И еще я тогда же впервые видел летящего лебедя. Это было ближе к концу зимы, когда стаи у пустых серых пляжей мало-помалу редеют (почему то первыми улетают взрослые птицы, а молодежь задерживается дольше всего). Я возвращался по Набережной из центра города, а лебедь летел мне навстречу, к центральному пляжу – к тому самому, на котором, по понятиям моего детства, местным купаться зазорно (ибо туда ходят в основном приезжие), от первого пляжа в моей жизни, покинутого его собратьями. Он летел, так устремлено вытянув вперед неподвижную шею и в то же время так размеренно размахивая крыльями, словно в Зазеркалье, где надо стараться изо всех сил, чтобы оставаться на месте, или словно бы само время незримою волной несло его вперед, а он только отмерял такт в движении этой волны.
А тот пляж, покинутый уже его стаей, в моем детстве назывался «Белой дорожкой», из за нескольких крупных и плоских белых камней, устилавших в одном месте дно от берега.

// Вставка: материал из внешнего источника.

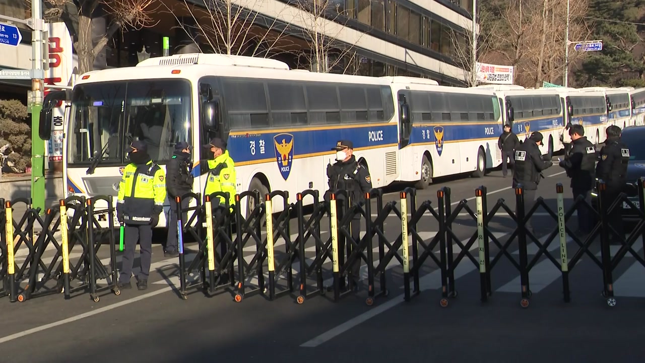 중앙지법 바로 앞인 법원로 인근에는 경찰 버스도 대열을 정비해 벽을 만들어 놓은 상태인데요, 윤 전 대통령 처벌 찬반 양측의 충돌 우려로 가운데 길목에 경찰 버스를 세워 벽을 만든 모습입니다.
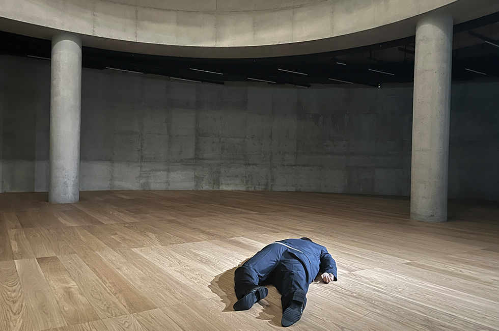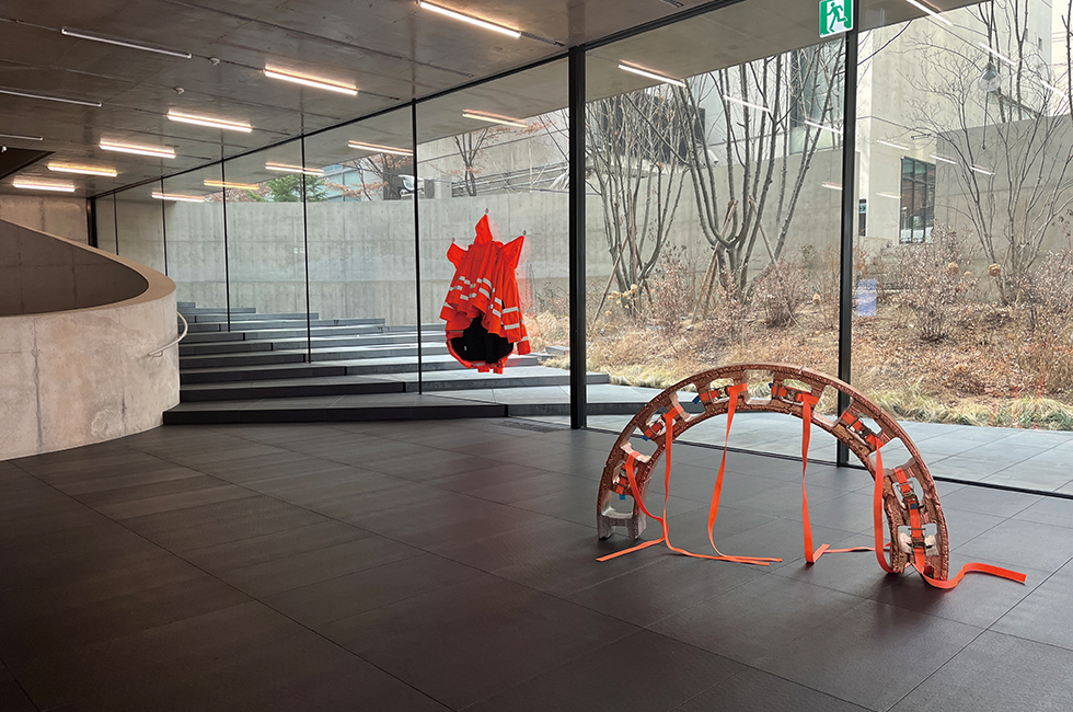 4 송은 전시장 1층에 아이웨이웨이(Ai Weiwei)의 작품 ‘Safety Jackets Zipped the Other Way’(2020)와 장쿤쿤(Zang Kunkun) 작품 ‘Upright (III)’(2018)가 놓여 있다.
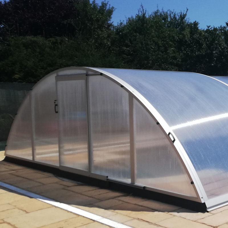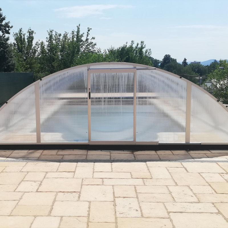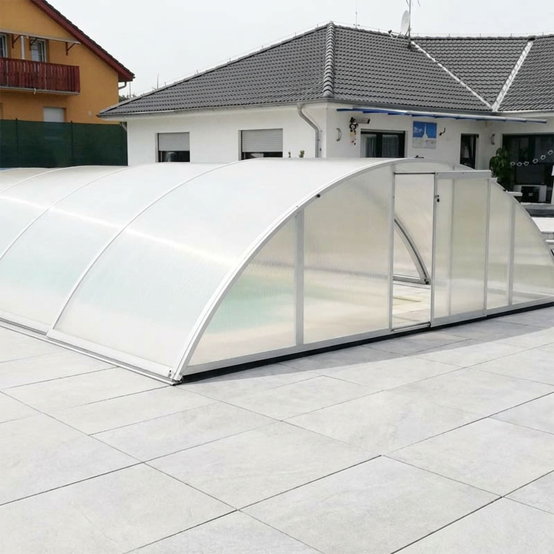 Die einzelnen Segmente der Trend Pool Halle sind beidseitig rollbar. Die Wand besteht aus durchsichtigem Polycarbonat-Doppelstegplatten 10 mm. Selbstverständlich ist sie UV-beständig.
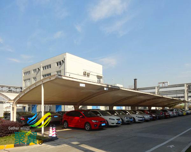 膜結構車棚PVc膜材料的自潔性,特別是在表面粘貼PVF薄膜(氟化乙烯)能大大改善膜結構車棚膜材料的自清性及抗老化性。
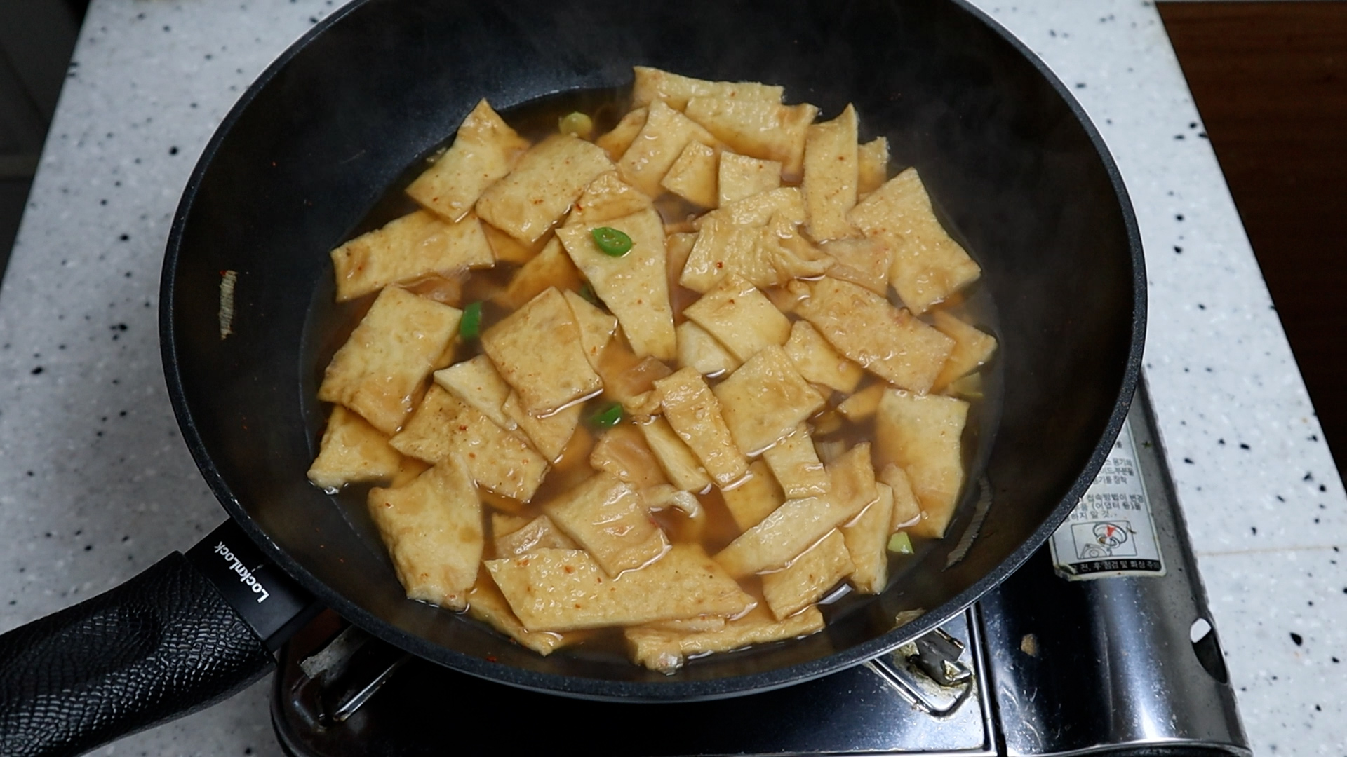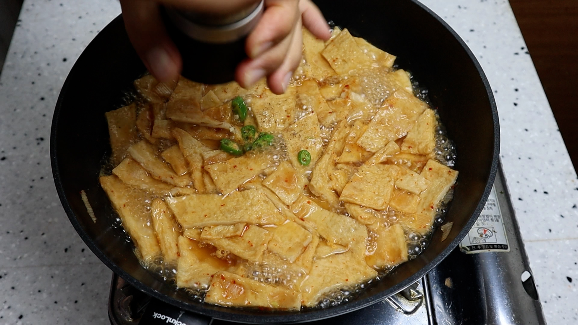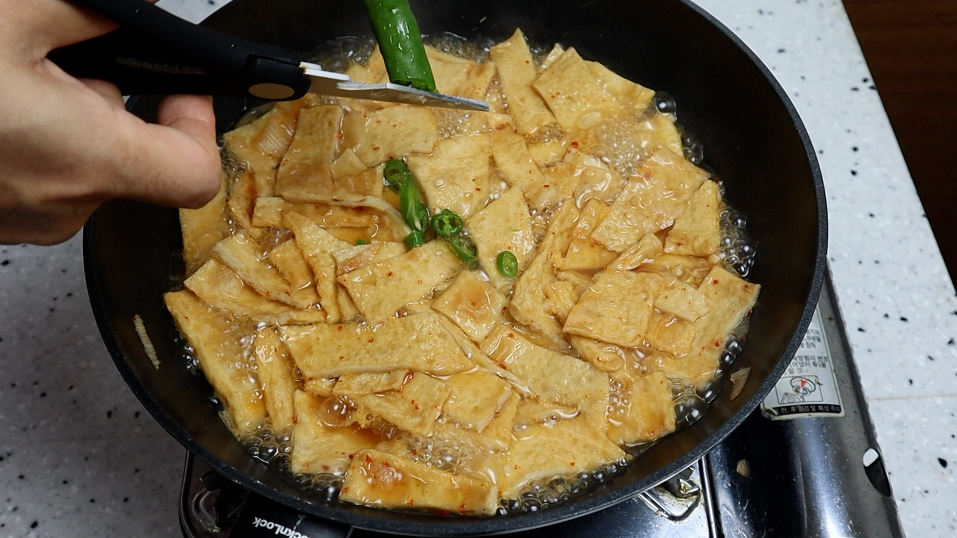 12. 마무리 10~20초 전에 기호에 따라 땡초 반개 정도를 썰어넣으셔도 좋습니다. 다시마를 사용하셨으면 다시마는 건져주시면 됩니다.

Интересно, помнит ли кто еще это название?
Здесь, на этом пляже, однажды приключилось со мною одно из самых характерных для меня безумств, когда мне показалось, что я увидел там Наталью. Однако прежде позвольте разсказать одно присловье.
Вверх от пляжа короткими отрезками, параллельными берегу, поднимаются пятиэтажныя хрущобы. Последния из них стоят лицом друг к другу по сторонам длинного проспекта, уходящего за пределы города, словно преграждая дорогу к морю частным домишкам (некоторыя, впрочем, умудрились зацепиться за свои клочки земли между этими панельными бараками). Из самого последнего ряда к морю выходит двор моей школы, а на углу, где этот проспект пересекается с улицей, что длительно спускается к морю от старого кладбища, некогда вдруг вырос бетонный забор. Когда именно это случилось и что там было до него, теперь уже никто не вспомнит.
Долго ли коротко стоял он, выпячивая толстые серые бока в крупной квадратной чешуе на проходящих мимо людей и проезжающия машины, да все молчал, как однажды вдруг исчез. А вместо него чуть ли не первого сентября того года, когда я пошел в пятый, помнится, класс, появился киоск «Соки-воды».
Точнее, даже не киоск, - павильон, обшитый темно-красными, с блеклыми вкраплениями, панелями из тонкого, ломкого пластика, светлый и очень аккуратный, словно ухоженный сын обезпеченных родителей. Внутри, на всегда чистых окнах висели всегда чистыя занавеси, на прилавке стоял обычный тогда аппарат: три длинных стеклянных конуса, соединенных так, что могли кружиться, с винтовыми краниками на острие, из которых в стаканы лились разноцветные ароматные соки: золотисто-зеленый яблочный, темно-фиолетовый виноградный, серебристый, с бледно-зеленым оттенком, березовый, томатный, для которого на высоких круглых, всегда чисто вытертых столах были разставлены белыя солонки, и крайне редко – апельсиновый.
Мы - те, кто жил дальше этого перекрестка - заходили сюда ежедневно после уроков ради небольшой сладкой передышки. Выпивал каждый как правило, не меньше двух стаканов. Я, например, чаще пил томатный. Но самым сладким напитком для всех нас был тогда молочный коктейль из мороженного и фруктового сиропа, стоивший тринадцать копеек. Наталья жила дальше и выше всех нас, в микрорайоне, тогда только что построенном в самом высоком, открытом всем ветрам месте этой части города, в начале улицы, бывшей некоторое время его юго-западною границей. Перейдя дорогу от павильона, она садилась на троллейбус и ехала почти до конечной остановки, в ту пору совсем еще недавно поставленной. Иногда, если было желание, я тоже садился на троллейбус и проезжал две свои недлинныя остановки почти до самого своего подъезда. .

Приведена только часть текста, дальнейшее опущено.